Хвалынцев от души был рад своей неожиданной встрече.
Оба разговорились как-то просто, бесцеремонно, по душе, как действительно старые знакомые. Да впрочем с Холодцом надо было одно из двух: или совсем не говорить, или же говорить по душе, — такой уж человек был.
Константин рассказал ему в несколько комическом тоне все свои затруднения и неприятности, перенесенные в течение нынешнего дня в «цукерне» и в «рестаурацыи» до счастливого столкновения с ним, Холодцом, и спросил его:
— Скажите, пожалуйста, какими судьбами устраиваете вы, например, так, что говорите по-русски, и они вам никаких шиканов не делают, а напротив относятся к вам даже с очень заметным почтением?.. Или уж это оттого, что вы обжились здесь и попривыкли они к вам, а я вот проезжий, так потому это, что ли… уж и не знаю, как объяснить себе!

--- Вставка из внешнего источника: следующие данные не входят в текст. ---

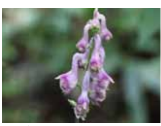
アズマレイジンソウ

冬真っ盛りの寒い日が続いています。山歩きはまだお休みです。今年は、明るい春を迎えられるといいなと願っています。 今回紹介するのは、11月に発見したキダチコンギクです。大群落を見つけました。空き地で川原にまで達しています。小さなキクの花で一つ一つ見るとそれほどこれいでもないのですが、これだけたくさん咲いていると、見事です。北米原産の帰化植物なので、埋め立て工事の土砂とともにどこから来たものと思われる。発見した時はやや終わりがけでしたので、10月中旬ぐらいが見頃かと思えます。 「アズマレイジンソウ」 キンポウゲ科トリカブト属 薄黄色のオオレイジンソウと違って、薄紫色です。 「キダチコンギク」 キク科シオン属 北アメリカ原産の多年草です。高さは1mくらいです。茎の下の方が木質化することから名前にも木立が付いたものと思われまます。白い花と桃色の花があります。 9月に北部の山林で見つけたのは、アズマレイジンソウです。まだ咲いていないのかと思いましたが、これが開花している状態だそうです。とてもきれいな花でした。

— Да, батюшка мой, — ответил Холодец, — могу сказать, что я их приучил к своей особе, заставил привыкнуть к себе, а сначала они тоже было и ко мне со своим гонором, все равно как к вам вот… Да я отучил их от этого сразу. Надо вам сказать, — пояснил он, — что мы все приезжаем сюда из России, не имея об этих «тутэйших» панах ни малейшего понятия, и все прилагаем к ним наши школьные общегуманные теории и воззрения, тогда как здесь это все окончательно неприложимо, и они, чем больше вы с ними гуманничаете, тем они нахальнее садятся вам на шею и уничтожают вас, так или иначе. Здесь, батюшка мой, Дарвиновская "борьба за существование" идет: чья возьмет, значит. Дело-то здесь на ножах стоит, а не на гуманных теорийках.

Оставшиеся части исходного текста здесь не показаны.